◆ Task item: Somewhere below, one line contains "- Вымойте руки" and a later line contains "LOT 228 Collection". Output those two lines and everything between them exactly, and nothing else.

◆ Information shown:
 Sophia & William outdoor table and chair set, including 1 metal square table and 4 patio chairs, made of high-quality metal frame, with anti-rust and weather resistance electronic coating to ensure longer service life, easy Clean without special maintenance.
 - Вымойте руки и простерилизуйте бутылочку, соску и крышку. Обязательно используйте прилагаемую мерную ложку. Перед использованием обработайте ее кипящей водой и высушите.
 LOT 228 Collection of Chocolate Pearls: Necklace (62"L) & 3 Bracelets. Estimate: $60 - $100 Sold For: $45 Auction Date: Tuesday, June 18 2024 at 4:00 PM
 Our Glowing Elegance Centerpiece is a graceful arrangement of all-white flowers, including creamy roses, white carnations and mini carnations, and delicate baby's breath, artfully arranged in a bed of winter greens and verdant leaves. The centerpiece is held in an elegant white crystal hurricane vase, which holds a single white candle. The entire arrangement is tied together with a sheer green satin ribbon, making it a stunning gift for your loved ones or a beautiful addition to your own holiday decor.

==

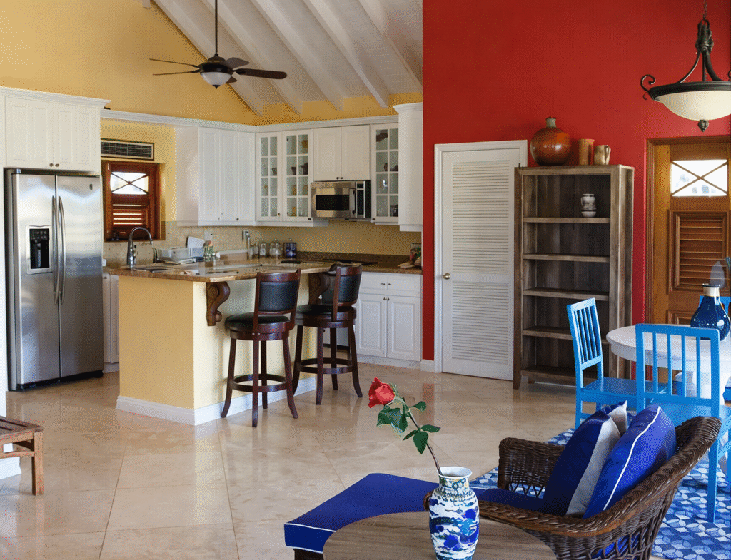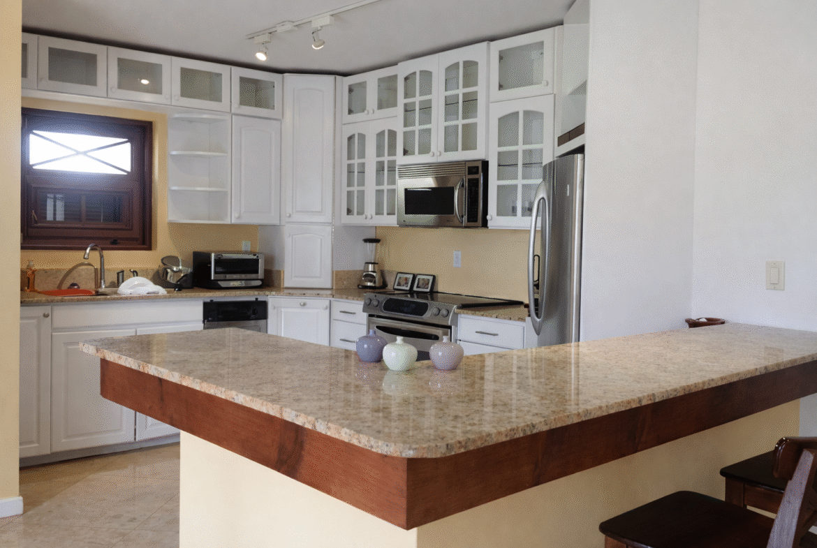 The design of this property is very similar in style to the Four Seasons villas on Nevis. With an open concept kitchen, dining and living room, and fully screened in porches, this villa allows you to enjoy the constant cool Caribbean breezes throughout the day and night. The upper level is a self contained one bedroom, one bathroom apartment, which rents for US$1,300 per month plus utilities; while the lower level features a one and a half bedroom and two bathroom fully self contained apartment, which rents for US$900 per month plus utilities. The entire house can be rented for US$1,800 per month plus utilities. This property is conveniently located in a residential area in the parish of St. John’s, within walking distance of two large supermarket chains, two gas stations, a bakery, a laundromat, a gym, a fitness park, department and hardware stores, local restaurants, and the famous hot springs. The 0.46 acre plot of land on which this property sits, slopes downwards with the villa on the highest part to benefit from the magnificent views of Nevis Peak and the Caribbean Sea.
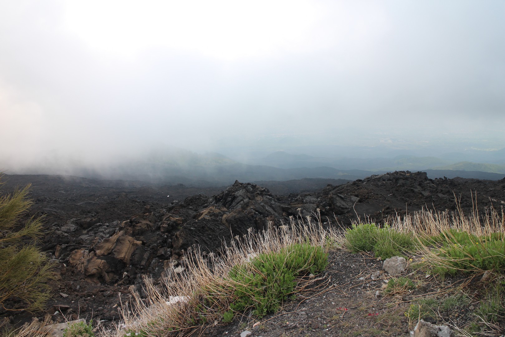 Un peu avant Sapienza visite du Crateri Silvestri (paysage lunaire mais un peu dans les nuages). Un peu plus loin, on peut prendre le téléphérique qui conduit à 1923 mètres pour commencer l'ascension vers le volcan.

==

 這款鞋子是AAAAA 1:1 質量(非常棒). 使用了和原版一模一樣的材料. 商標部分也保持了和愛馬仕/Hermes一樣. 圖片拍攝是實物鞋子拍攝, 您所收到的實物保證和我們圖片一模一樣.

◆ Written answer:
 - Вымойте руки и простерилизуйте бутылочку, соску и крышку. Обязательно используйте прилагаемую мерную ложку. Перед использованием обработайте ее кипящей водой и высушите.
 LOT 228 Collection of Chocolate Pearls: Necklace (62"L) & 3 Bracelets. Estimate: $60 - $100 Sold For: $45 Auction Date: Tuesday, June 18 2024 at 4:00 PM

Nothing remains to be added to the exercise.